In Chapman v. The New Haven R. R. Co., 19 N. Y. 341, an action was sustained against the defendant for an injury occasioned to the *433plaintiff by a collision be'tween a train of cars upon its road and one upon the Harlem railroad, and which would not have occurred but from the negligence of the latter road, in the cars of which the plaintiff was a passenger; thus, in effect, holding that where the injury was the result of two concurring causes, one party in fault is not exempted from full liability for the injury, although another party was equally culpable.

And in Peck v. Neal, 3 McLean 22, the driver of a coach was considered liable to the plaintiff for an accident happening through his negligence, although the negligence of the driver of the coach in which the plaintiff sat contributed to the accident, and although, it was said, an action might lie against the latter.

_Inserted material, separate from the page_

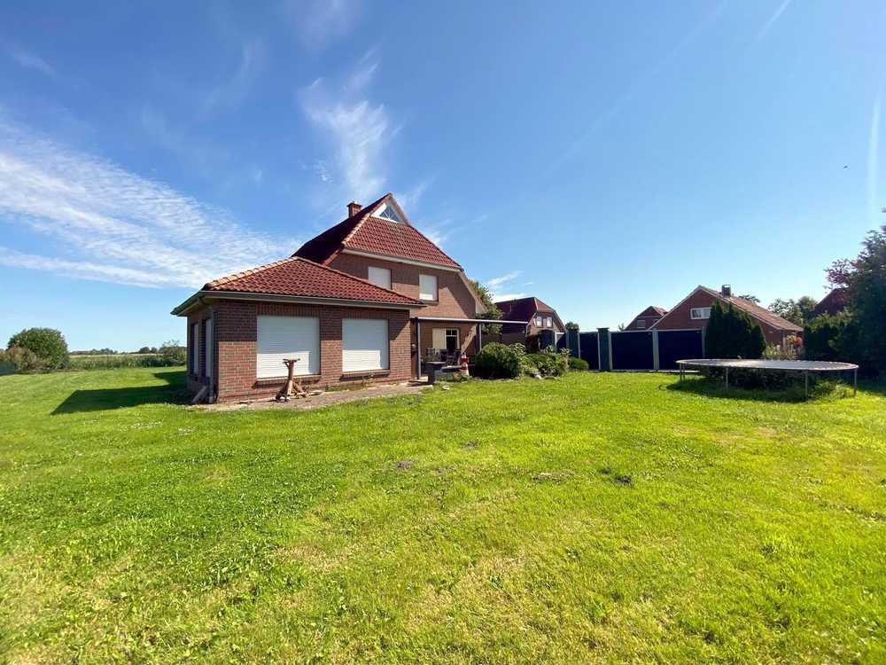 Dieses idyllisch gelegene Haus wurde 2001 im Friesenstil auf einem ca. 1.600 m² großen Grundstück in Berdum, einem ländlichen Ortsteil der Stadt Wittmund erbaut. Die durchdachte Aufteilung ermöglicht eine Nutzung als Zweifamilienhaus. Insgesamt ca. 242 m² Wohnfläche verteilen sich auf zwei Etagen. Im Erdgeschoss befinden sich das ca. 37 m² große Wohn-Esszimmer mit Kachelofen, die voll ausgestattete Küche mit Kochinsel, ein lichtdurchfluteter Anbau mit Zugang auf die überdachte Terrasse, ein Schlafzimmer, ein Vollbad, ein Gäste-WC und ein Hauswirtschaftsraum. Die Küche ist mit neuen E-Geräten ausgestattet. Ein Highlight im Erdgeschoss ist der offene Schnitt des Wohn-/Esszimmers mit den Durchgängen in die Küche und den Anbau. Im Obergeschoss gibt es insgesamt vier Zimmer, welche nach Belieben genutzt werden können sowie ein Duschbad. Der gedämmte und ausgebaute Spitzboden mit ca. 31 m² Fläche ist über eine Wendeltreppe erreichbar und kann als weiteres Zimmer oder als Abstellfläche genutzt werden. Die Gas-Brennwerttherme wurde 2022 erneuert. Alle Fenster sind mit Außenrollläden versehen. Die vorhandene Dämmung und die neue Heizung bewirken eine gute Energieeffizienz. Im Garten und aus zahlreichen Fenstern des Hauses können Sie den weitläufigen Blick über Felder und Wiesen genießen. Die Kläranlage mit 3-Kammer-System wurde in den letzten Jahren rundum erneuert und hat eine Genehmigung für weitere 15 Jahre erhalten. Eine Dichtungsprüfung ist ebenfalls kürzlich erfolgt. Die große Auffahrt und die Doppelgarage bieten ausreichend Platz für Ihre Fahrzeuge. Überzeugen Sie sich gerne bei einer Besichtigung von dieser attraktiven Immobilie.

And see Brehm v. The Great Western Railway, 34 Barb. 274, and Mott v. The Hudson River R. R., 8 Bosw. 345. In the latter case, the plaintiff’s buildings were on fire; and while the firemen were endeavoring to extinguish it, the cars of the defendant passed over the hose, cutting and rendering it unfit for use, in consequence of which the buildings were consumed. It was held, that if the act were done by the concurring negligence of the defendant and the firemen, in such sense that the hose would not have been cut if either had been free from negligence, the plaintiff was entitled to recover.

Upon all these considerations, we are of the opinion that there was no error in the instructions Of the court; and that the plaintiff may maintain trespass for the injury which he has sustained.